Pero Bardo se posiciona muy bien en la tradición ensayística sobre la identidad mexicana, que va de El laberinto de la soledad (1950) de Octavio Paz a La jaula de la melancolía (1987) de Roger Bartra, y que en las últimas décadas ha suscitado nuevas visitas e interpretaciones. Los temas centrales del film, de hecho, podrían definirse como dilemas de la identidad de un artista y un país, que vive dislocado entre Estados Unidos y México.

A Paz se le alude directamente en la película, en el pasaje sobre Cortés, donde González Iñárritu cuestiona los mitos civilizatorios de la conquista y la evangelización. Bartra, en cambio, aparece metafóricamente, por medio de los ajolotes que el personaje del hijo pierde en su traslado a Los Ángeles y que el padre intenta recuperar, en un acuario, antes de colapsar en el vagón del metro.

Los ajolotes muertos, lo mismo que las réplicas al discurso de Cortés y a la genealogía de los “hijos de la Malinche”, funcionan en el film como certificaciones del agotamiento de un discurso identitario ligado al mestizaje y a la negación del “pachuco” como ser “flotante”, “sin origen”, bufonesco o dual, que planteó Paz.

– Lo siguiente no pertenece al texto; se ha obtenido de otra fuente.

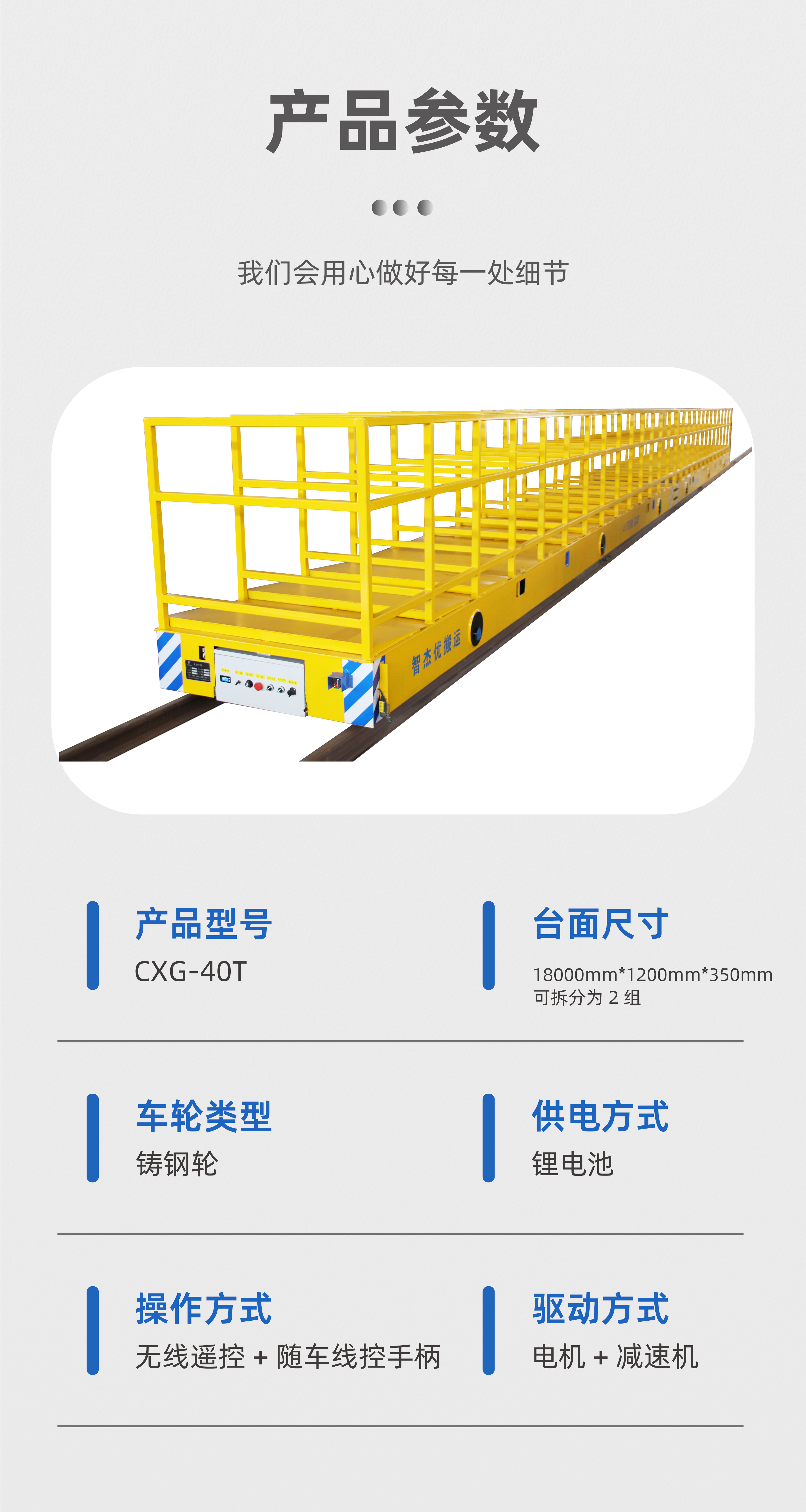 描   述: 該車長18米,寬1.2米,高0.35米,車體可拆分為兩組,車架箱梁焊接,承重能力強(qiáng)可載重40噸,平臺上方設(shè)有單獨(dú)工位,每個工位載重1.5噸,方鋼柵欄方便物料擺放,臺面坡度設(shè)計防止貨物傾斜滑落,大扭矩減速機(jī)電機(jī)驅(qū)動,配有6組主動輪,驅(qū)動力大,啟動力足,啟停平穩(wěn),電磁制動,性能突出,響應(yīng)靈敏,無線遙控平車前進(jìn)后退、加減速,設(shè)有限位傳感器到達(dá)地點自動停車,前后光電感應(yīng)遇障自停,聲光報警保障安全。

La visión del migrante, en Bardo, es muy distinta, toda vez que el protagonista y su familia aparecen como parte de la gran diáspora mexicana en Estados Unidos. Mientras Paz se presentaba como un “residente” en Los Ángeles, el periodista y documentalista de Bardo reclama a un agente consular mexicano-americano su derecho a llamar “casa” a la gran urbe californiana.

La casa misma, o las dos casas, del protagonista, se intercambian y funden en la metáfora del desierto, al final de la película, como símbolo de la superación de las dicotomías del nacionalismo mexicano del siglo XX. La esencia transnacional del México del siglo XXI queda expuesta desde el primer tenso intercambio entre el padre y el hijo.

Bardo es Homero, el trovador, el poeta, el cronista de la epopeya de la ciudad. Y bardo es también el estado intermedio o de transición que, según el budismo, sigue inmediatamente a la muerte. Las dos cosas son esta película, un poema y un limbo, que colocan la identidad mexicana en la asunción de su desplazamiento territorial en la era de la globalización.